In my view, electronic payments are an area in which the true marginal cost at scale is quite small, while network externalities make for oligopolies with substantial fees. So this is an area ripe for the government competing. It is probably better for the government to not get involved with guaranteeing against fraud in accepting payments. Some form of digital cash with free or nearly free transfers seems fairly simple. (A property of cash is that if you pay it, no one will compensate you if someone accepted it fraudulently, unless you are able to find and sue the fraudster.) In any case, if the government provided free or almost free electronic transfers of funds, fintech (financial technology) firms could provide add-on services.

Such government competition in payments is not a pipe dream. Brazil is doing something in this area. In the March 2021 Wall Street Journal article “Brazil’s Central Bank Uses Payment Platform to Spur Competition,” Paulo Trevisani and Jeffrey T. Lewis report:

Brazil’s central bank is revving up its yearslong effort to bust up the country’s clubby banking industry, using a pandemic-driven shift toward touchless payments to launch its own digital platform.

The payment system, dubbed Pix, was set up and is maintained by the central bank instead of private payments players, unlike similar systems in other countries. Since its launch in November, Pix is already handling a larger share of digital payments than its private-sector alternatives, advancing the regulator’s goal of spurring competition and getting more Brazilians to use financial services.

“Our concern is how can we make the system more competitive, more efficient?” said Roberto Campos Neto, president of the Central Bank of Brazil.

Although some of the banks who belonged to the old oligopoly are no doubt losing, many other firms are benefitting:

New entrants are expanding quickly and attracting both domestic and foreign investors, said Carlos Lobo, a partner at corporate law firm Hughes, Hubbard & Reed LLP.

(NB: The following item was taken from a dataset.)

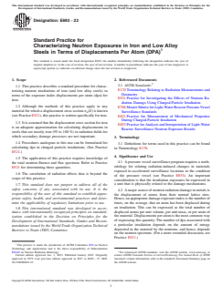 SIGNIFICANCE AND USE 4.1 A pressure vessel surveillance program requires a methodology for relating radiation-induced changes in materials exposed in accelerated surveillance locations to the condition of the pressure vessel (see Practice E853). An important consideration is that the irradiation exposures be expressed in a unit that is physically related to the damage mechanisms. 4.2 A major source of neutron radiation damage in metals is the displacement of atoms from their normal lattice sites. Hence, an appropriate damage exposure index is the number of times, on the average, that an atom has been displaced during an irradiation. This can be expressed as the total number of displaced atoms per unit volume, per unit mass, or per atom of the material. Displacements per atom is the most common way of expressing this quantity. The number of dpa associated with a particular irradiation depends on the amount of energy deposited in the material by the neutrons, and hence, depends on the neutron spectrum. (For a more extended discussion, see Practice E521.) 4.3 No simple correspondence exists in general between dpa and a particular change in a material property. A reasonable starting point, however, for relative correlations of property changes produced in different neutron spectra is the dpa value associated with each environment. That is, the dpa values themselves provide a spectrum-sensitive index that may be a useful correlation parameter, or some function of the dpa values may affect correlation. 4.4 Since dpa is a construct that depends on a model of the neutron interaction processes in the material lattice, as well as the cross section (probability) for each of these processes, the value of dpa would be different if improved models or cross sections are used. The calculated displacement cross section for ferritic iron, as given in this practice, is determined by the procedure given in 6.3. The currently recommended iron displacement cross section in this practice (Table 1) wa... SCOPE 1.1 This practice describes a standard procedure for characterizing neutron irradiations of iron (and low alloy steels) in terms of the exposure index displacements per atom (dpa) for iron. 1.2 Although the methods of this practice apply to any material for which a displacement cross section σd(E) is known (see Practice E521), this practice is written specifically for iron. 1.3 It is assumed that the displacement cross section for iron is an adequate approximation for calculating displacements in steels that are mostly iron (95 to 100 %) in radiation fields for which secondary damage processes are not important. 1.4 Procedures analogous to this one can be formulated for calculating dpa in charged particle irradiations. (See Practice E521.) 1.5 The application of this practice requires knowledge of the total neutron fluence and flux spectrum. Refer to Practice E521 for determining these quantities. 1.6 The correlation of radiation effects data is beyond the scope of this practice. 1.7 This standard does not purport to address all of the safety concerns, if any, associated with its use. It is the responsibility of the user of this standard to establish appropriate safety, health, and environmental practices and determine the applicability of regulatory limitations prior to use. 1.8 This international standard was developed in accordance with internationally recognized principles on standardization established in the Decision on Principles for the Development of International Standards, Guides and Recommendations issued by the World Trade Organization Technical Barriers to Trade (TBT) Committee.

“All companies in this ecosystem are seeing an absurd growth in their valuation. They are attracting foreign investors, who also like the regulation the central bank has in place.”

The benefit to welfare seems substantial. Suppose that payment systems are now taking a 2% fee. Whichever side of a transaction that is levied on, it is like a 2% tax in its distortionary effects. And it is like a 2% tax on top of other marginal tax rates in the narrower sense of taxes. An extra 2% added to the marginal tax rate would be a big deal. Ergo, a 2% payment fee is a big deal. If the government can make that go away, it is like a tax cut in its benefits for the economy.

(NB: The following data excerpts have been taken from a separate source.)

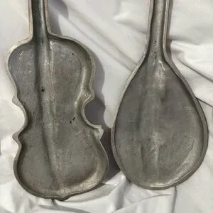 Enhance your home gallery with this stunning set of Royal Cast Aluminum musical instrument wall hangings. This pair includes a detailed violin and mandolin, featuring a classic mid-century aesthetic. While they have a rich, wood-like brown finish that adds warmth to any room, they are crafted from durable cast aluminum for a high-quality, lightweight feel.
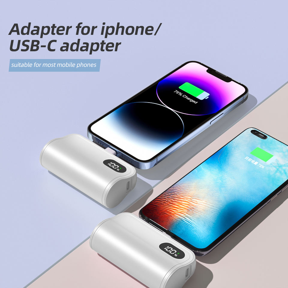 พาวเวอร์แบงค์แบบแคปซูลขนาดเล็ก 4000/5000 มิลลิแอมป์ พร้อมที่วางโทรศัพท์ จอแสดงผลดิจิตอล 3 in 1 สายชาร์จในตัวแบบหัวคู่
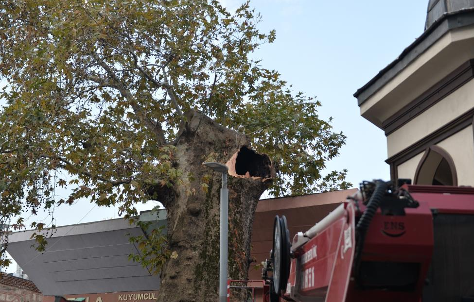 Bursa’nın simge yapılarının başında gelen Ulu Cami’nin avlusunda bulunan 346 yaşındaki asırlık çınar ağacının büyük dalı, henüz bilinmeyen bir nedenle koptu. Ağacın gövdesiyle şadırvan arasında sıkışan dal, belediye ekiplerinin çalışmasıyla bulunduğu yerden kaldırıldı. Büyükşehir Belediyesi, Bursa için kadim medeniyetin sembolü olan asırlık çınarı tekrar geleceğe taşımak için zaman kaybetmeden harekete geçti.

Of course, another reason I am interested in making the electronic payment landscape more competitive is that when electronic payments (including payments with credit and debit cards) are a larger fraction of payments compared to paper currency transactions, then the modifications of paper currency policy needed to enable deep negative rates carry a lower political cost and hence are more likely to be used. And I see deep negative rates as something that could have saved us from most of the hit from the Great Recession. See:

Seeing digital cash in the context of opening up more monetary policy space points to one detail of how digital cash should be implemented: digital cash should have a nonzero interest rate. If, say, the rate was even as little as +3 basis points in a situation like today, that would at least set the precedent for a nonzero interest rate that could go negative at some point in the future. That would be better than to hardwire a zero interest rate into the payment system offerings of the government.

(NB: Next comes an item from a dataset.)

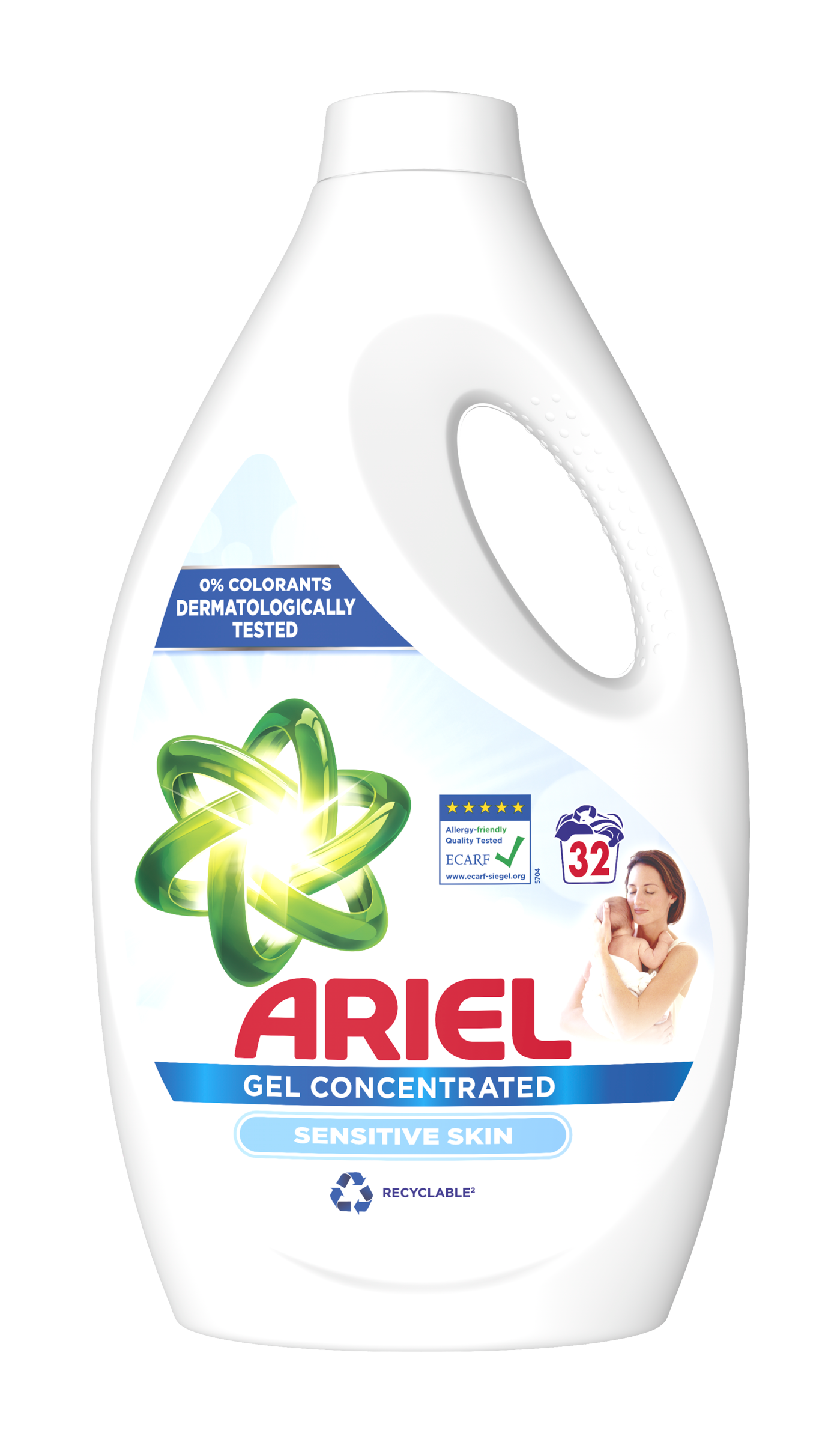 Díky jemnému a šetrnému složení je tekutý prací prostředek Ariel Sensitive Skin ideálním řešením pro důkladné praní vašeho oblečení i oblečení vaší rodiny, pokud máte citlivou pokožku.Dermatologicky testované složení s certifikací ECARF obsahuje 0 % barviv. Vůně byla speciálně navržena se sníženým obsahem alergenů. Složení chrání hebkost oblečení, které přichází do kontaktu s citlivou pokožkou, a nabízí tak nejlepší ochranu od Arielu. I když je jemný k pokožce, je zároveň účinný proti skvrnám: Tekutý prací prostředek Ariel Sensitive Skin zajistí prádlu skvělou čistotu Arielu i při praní na nízkou teplotu. Tekutý prací prostředek Ariel má navíc recyklovatelný obal. Aby byly výsledky praní co nejlepší, vložte odměrku naplněnou pracím prostředkem přímo do bubnu pračky.

Central banks and other parts of governments should stop running away from negative rates and beginning explaining how wonderful they are. They help avoid recessions and thereby help savers: temporarily low rates lead to recovery and hither rates. Deep negative rates for a short time are better for savers than zero rates for years and years and years. Negative rates also help borrowers because borrowers are hurt by recessions and negative rates end recessions sooner. And they give borrowers more buying power during the recession when they need it most.